§ MATERIAL PROVIDED
● ● ● ● ●

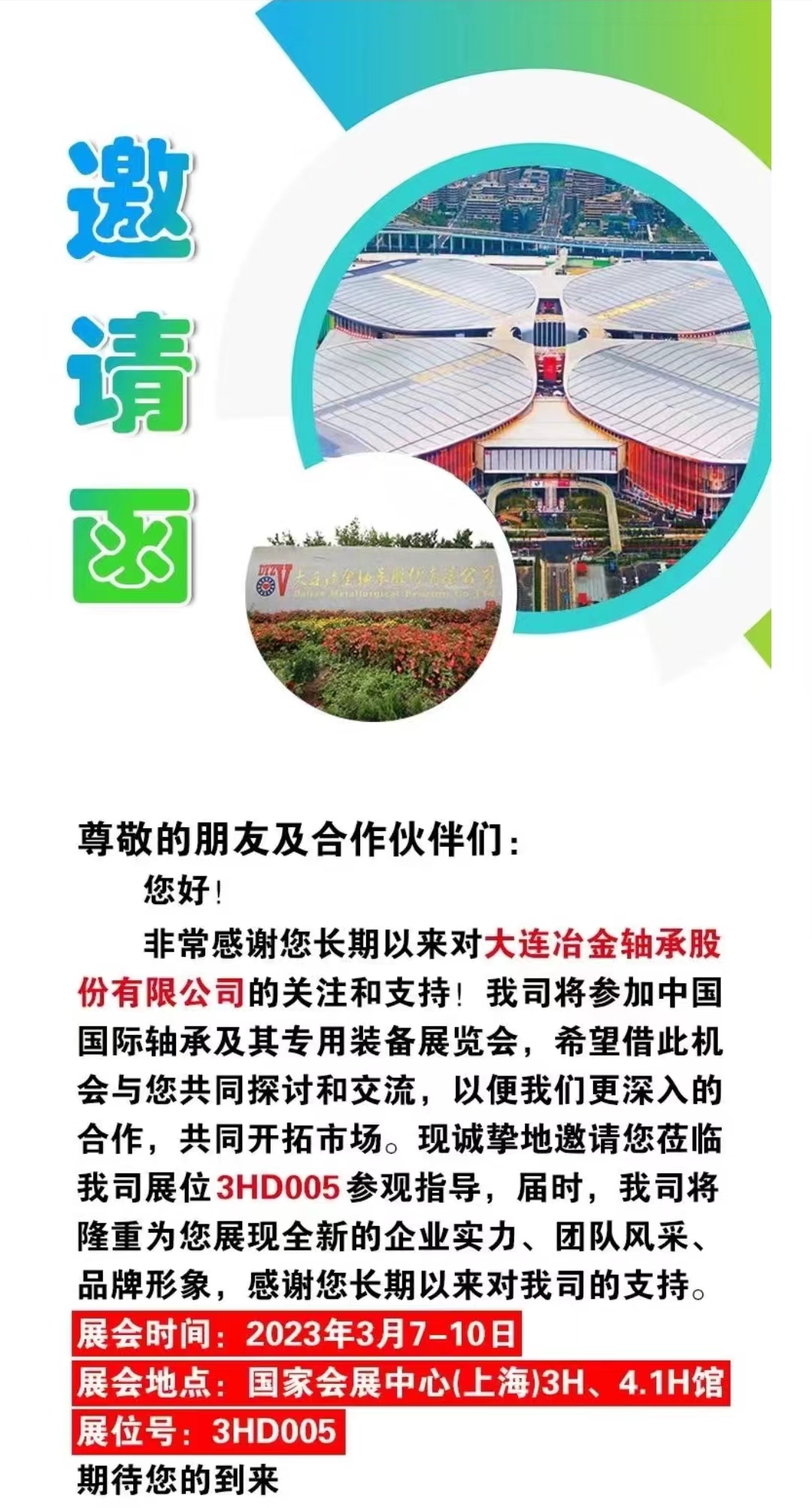 【展会邀约】大连冶金轴承股份有限公司与您相见,2022中国国际轴承及其专用装备展览会 我们的展位号(3HD005)期待您的到来
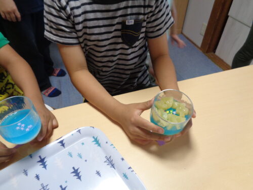 冷やした後は、ゼリーの上に飾りを乗せたら完成です★
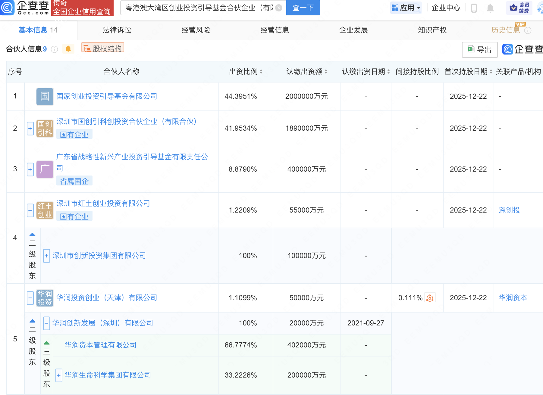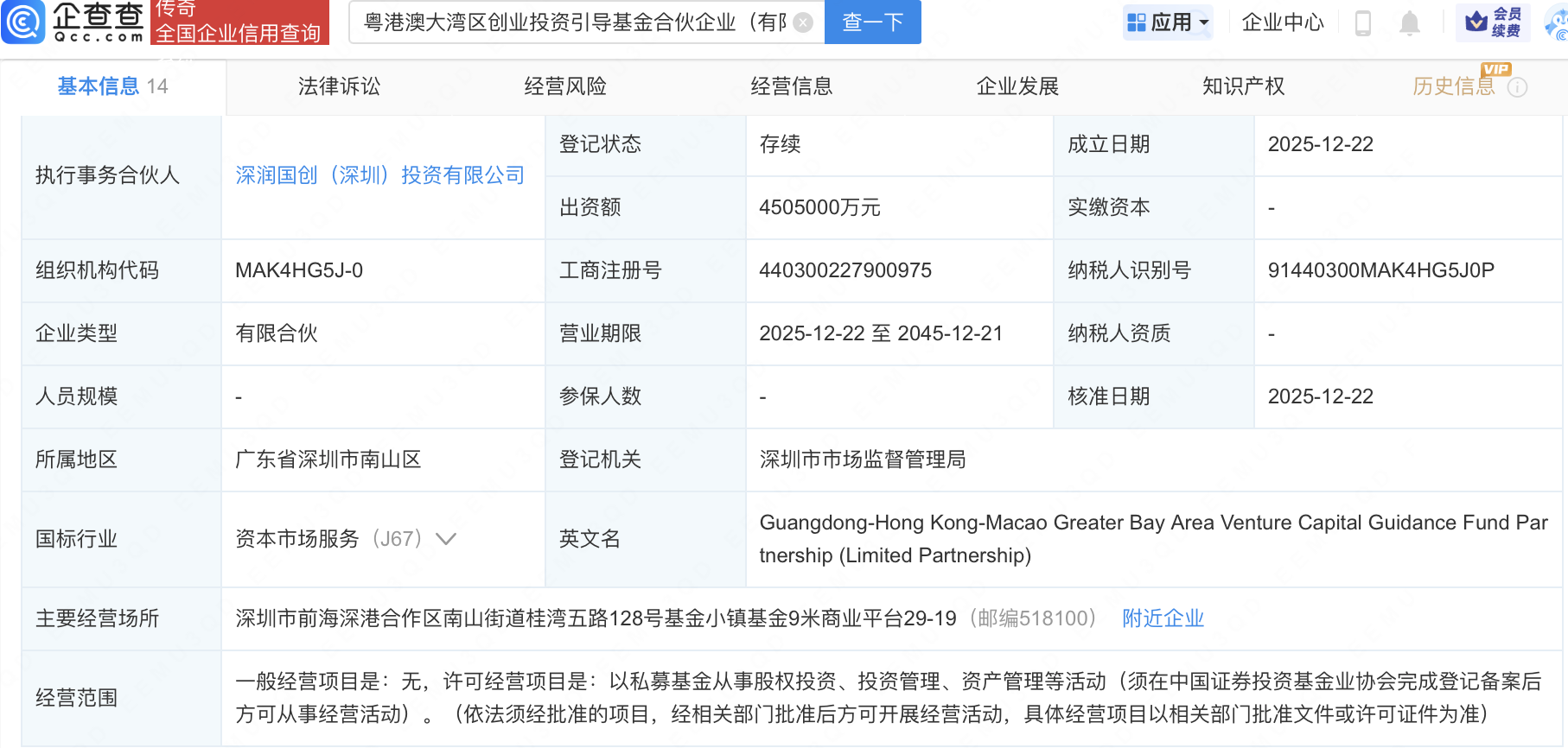 近日,粤港澳大湾区创业投资引导基金合伙企业(有限合伙)成立,出资额450.5亿元,经营范围包含:以私募基金从事股权投资、投资管理、资产管理等活动。企查查股权穿透显示,该企业由深圳市创新投资集团有限公司全资子公司深圳市红土创业投资有限公司、华润资本管理有限公司旗下华润投资创业(天津)有限公司等共同出资。
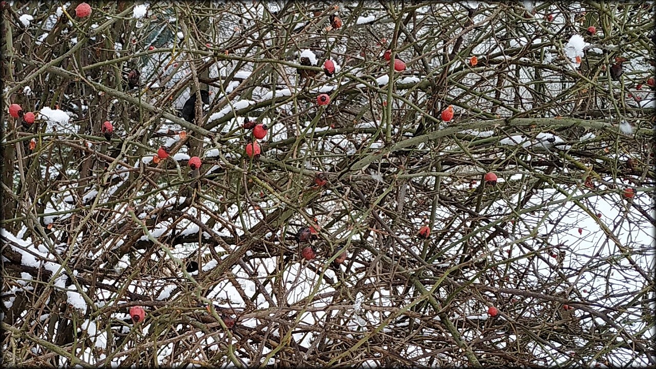 Při pohledu ke krmítkům u nářaďovny jsem zahlédl odlétat strakapouda. Jinak zde byli ptáci běžných druhů. Sýkora koňadra, sýkora modřinka, kos černý, samec pěnkavy obecné a hrdlička zahradní.
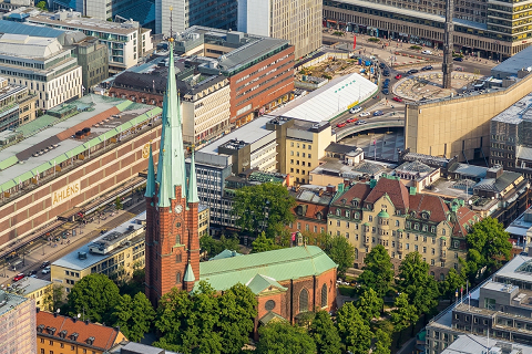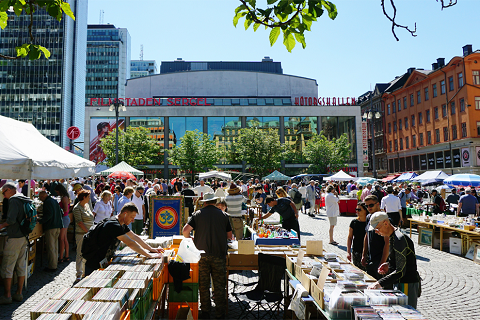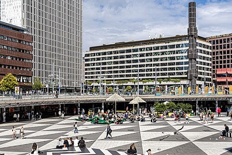 ヒョートリエット広場 から セルゲル広場へ ストックホルムのモダンな中心部を象徴する、ヒョートリエット広場(Hötorget)からセルゲル広場(Sergels torg)にかけてのエリアは、ショッピングやグルメ、そして現代建築が楽しめる非常に活気のある場所です。ヒョートリエット広場は日中は新鮮な果物、野菜、花々を売る屋台が並びます。地下にはスウェーデンの新鮮な食材から世界各国のデリなどが並ぶ屋内市場が。ドロットニングガータンと謂われる全長1kmを超える歩行者天国の一部(400m)を歩き、白と黒の市松模様が特徴的なセルゲル広場へ。ストックホルムの中心の中心となり、ガラスの柱は夜になるとライトアップされます。
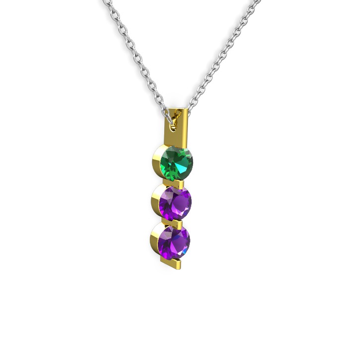 Yeşil kuvars ve ametist 925 ayar altın kaplama gümüş kolye (40 cm gümüş rolo zincir)
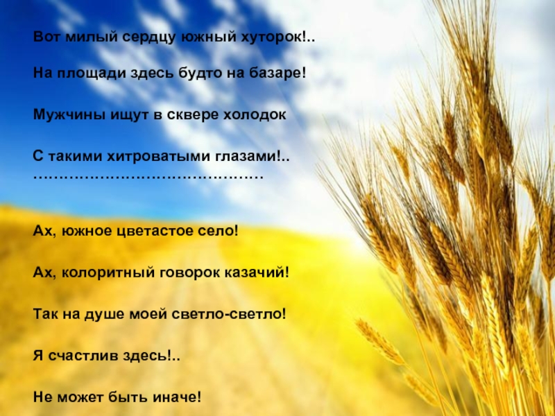 В этих строчках – идущая от полноты сердца сыновняя любовь к отчей земле.
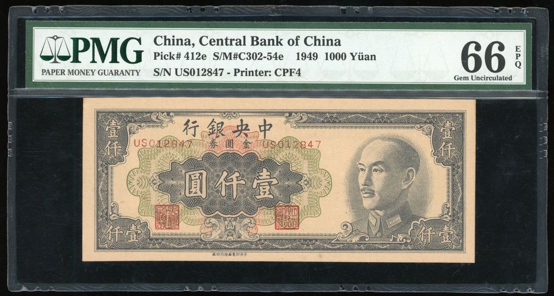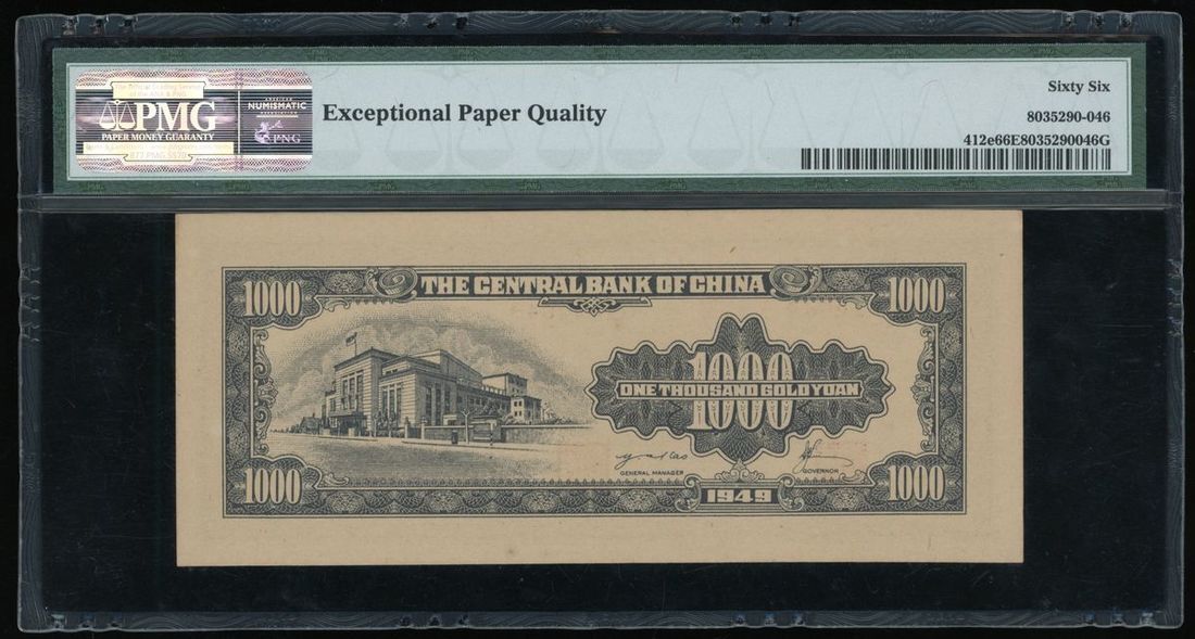 Central Bank of China, 1000 Gold Yuan, 1949, serial number US012847, printed by CPF4,
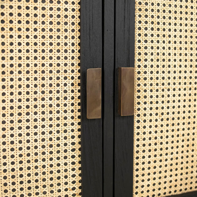 This 42' sideboard was perfectly designed to refresh your decor with modern coastal flair. Its rich black hardwood frame is beautifully offset by the natural woven rattan panel details of its double doors. Featuring ample storage and two interior fixed shelves that can accommodate dinnerware, electronics, or office supplies.
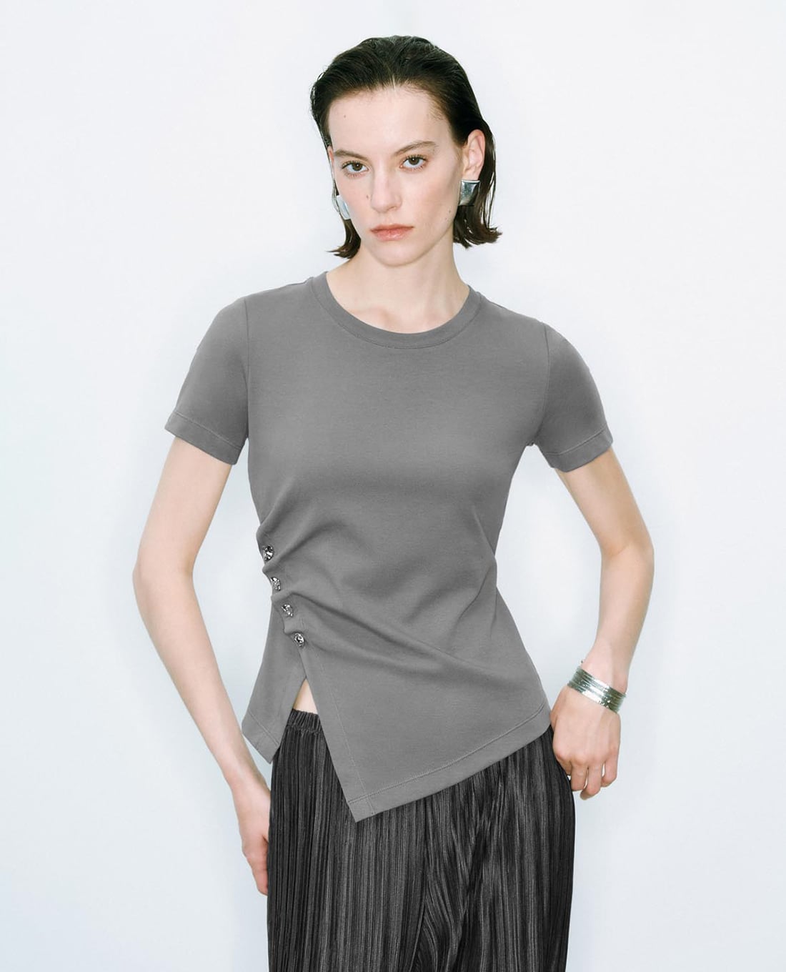 Áo kiểu nữ cổ tròn tay ngắn lệch tà
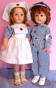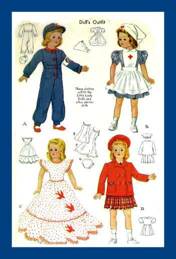 During the war years (1943) McCall's Needlework produced a pattern for the Little Lady doll which included a Red Cross Nurse uniform and a Civil Defense overall. Another was available to fashion a wedding gown, my favorite suit ......which you see worn by dolls in the R&B section, and a hostess gown.
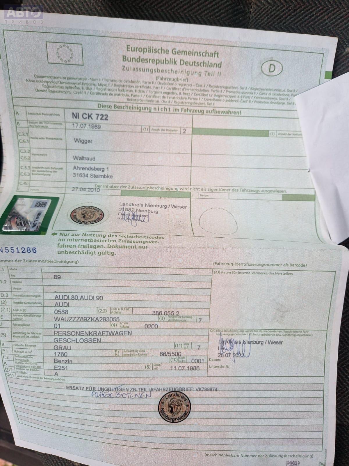 | Марка / Модель / Год: | Audi 80 B3 (1987-1992) 1989 |
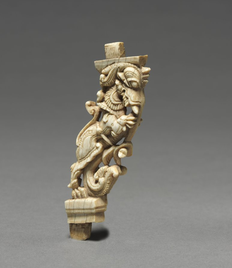 Composite creatures with the body of a lion, tusks and trunk of an elephant, and horns of an antelope are standard elements of medieval Indian architecture and furniture. Traces of pigment indicate that this work was once brightly colored.
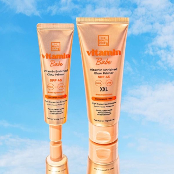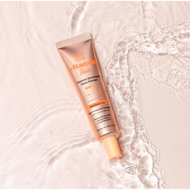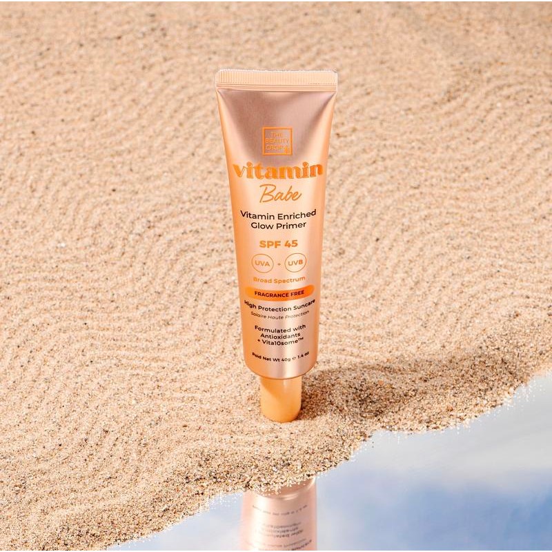 Vitamin Babe SPF45 Sunscreen Primer An everyday skin essential that primes, moisturise and provides protection from photoaging caused by UV rays, pollution & blue light. Enriched with Vita10someTM which is a complex of 10 Vitamins (Vitamin C, E, B5, F, H, A, B6, B9, B1 and B12) to revitalize, nourish and soothe the skin. Always apply sun protection generously, 15 to 30 minutes before sun exposure. Any less, radically reduces the protection effect. Even sun protection with high SPF does not grant full protection. Avoid midday sun. Reapply product every 2 hours or after extensive sweating, swimming or towel drying. Keep product out of reach of children. Avoid contact with eyes
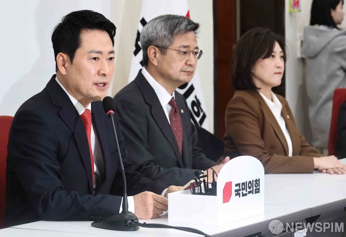 [서울=뉴스핌] 윤창빈 기자 = 장동혁 국민의힘 대표가 12일 오전 서울 여의도 국회에서 이재명 대통령과의 오찬 불참 관련 기자회견을 하고 있다. 2026.02.12 pangbin@newspim.com
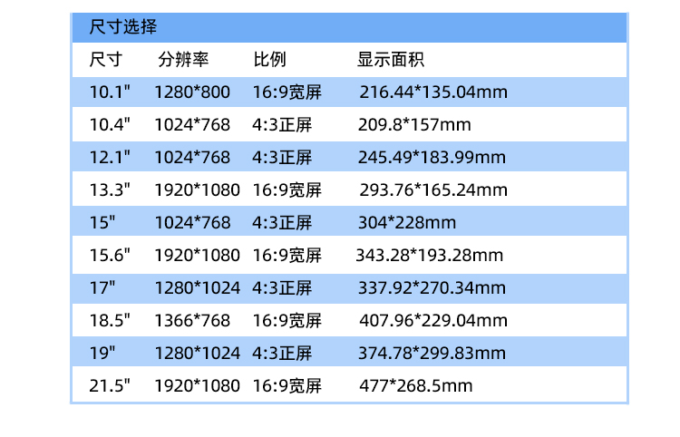| 屏幕面板 | 工控A規屏 TFT面板 |
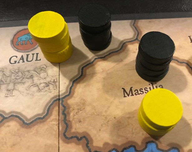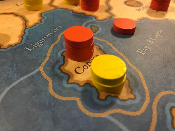 Competition Cards can only be played during the Competition Phase which is where opponents battle over Control of a Contested Area. In the picture below, you will see a competition between the Gauls (Yellow) and Romans (Red) over a Contested Area the island of Corsica. At this point in the competition the Romans have the advantage as they have 3 disks to the Gauls 2 disks. This means that short of a card being played the Romans will win the battle and each side will lose disks.
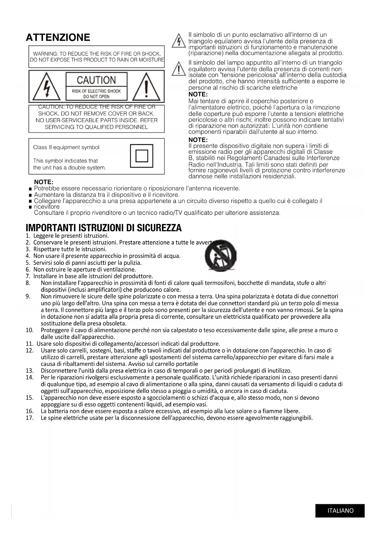 IMPORTANTI ISTRUZIONI DI SICUREZZA

● ● ● ● ●

§ WORK TO COMPLETE
With the pictures omitted, print the lines above exactly, beginning at the line with "冷やした後は、ゼリーの上に飾りを乗せたら完成です★" and going on through the line with "Áo kiểu nữ cổ tròn tay ngắn lệch tà".

§ OUTPUT OF THE EXERCISE
 冷やした後は、ゼリーの上に飾りを乗せたら完成です★
 近日,粤港澳大湾区创业投资引导基金合伙企业(有限合伙)成立,出资额450.5亿元,经营范围包含:以私募基金从事股权投资、投资管理、资产管理等活动。企查查股权穿透显示,该企业由深圳市创新投资集团有限公司全资子公司深圳市红土创业投资有限公司、华润资本管理有限公司旗下华润投资创业(天津)有限公司等共同出资。
 Při pohledu ke krmítkům u nářaďovny jsem zahlédl odlétat strakapouda. Jinak zde byli ptáci běžných druhů. Sýkora koňadra, sýkora modřinka, kos černý, samec pěnkavy obecné a hrdlička zahradní.
 ヒョートリエット広場 から セルゲル広場へ ストックホルムのモダンな中心部を象徴する、ヒョートリエット広場(Hötorget)からセルゲル広場(Sergels torg)にかけてのエリアは、ショッピングやグルメ、そして現代建築が楽しめる非常に活気のある場所です。ヒョートリエット広場は日中は新鮮な果物、野菜、花々を売る屋台が並びます。地下にはスウェーデンの新鮮な食材から世界各国のデリなどが並ぶ屋内市場が。ドロットニングガータンと謂われる全長1kmを超える歩行者天国の一部(400m)を歩き、白と黒の市松模様が特徴的なセルゲル広場へ。ストックホルムの中心の中心となり、ガラスの柱は夜になるとライトアップされます。
 Yeşil kuvars ve ametist 925 ayar altın kaplama gümüş kolye (40 cm gümüş rolo zincir)
 В этих строчках – идущая от полноты сердца сыновняя любовь к отчей земле.
 Central Bank of China, 1000 Gold Yuan, 1949, serial number US012847, printed by CPF4,
 This 42' sideboard was perfectly designed to refresh your decor with modern coastal flair. Its rich black hardwood frame is beautifully offset by the natural woven rattan panel details of its double doors. Featuring ample storage and two interior fixed shelves that can accommodate dinnerware, electronics, or office supplies.
 Áo kiểu nữ cổ tròn tay ngắn lệch tà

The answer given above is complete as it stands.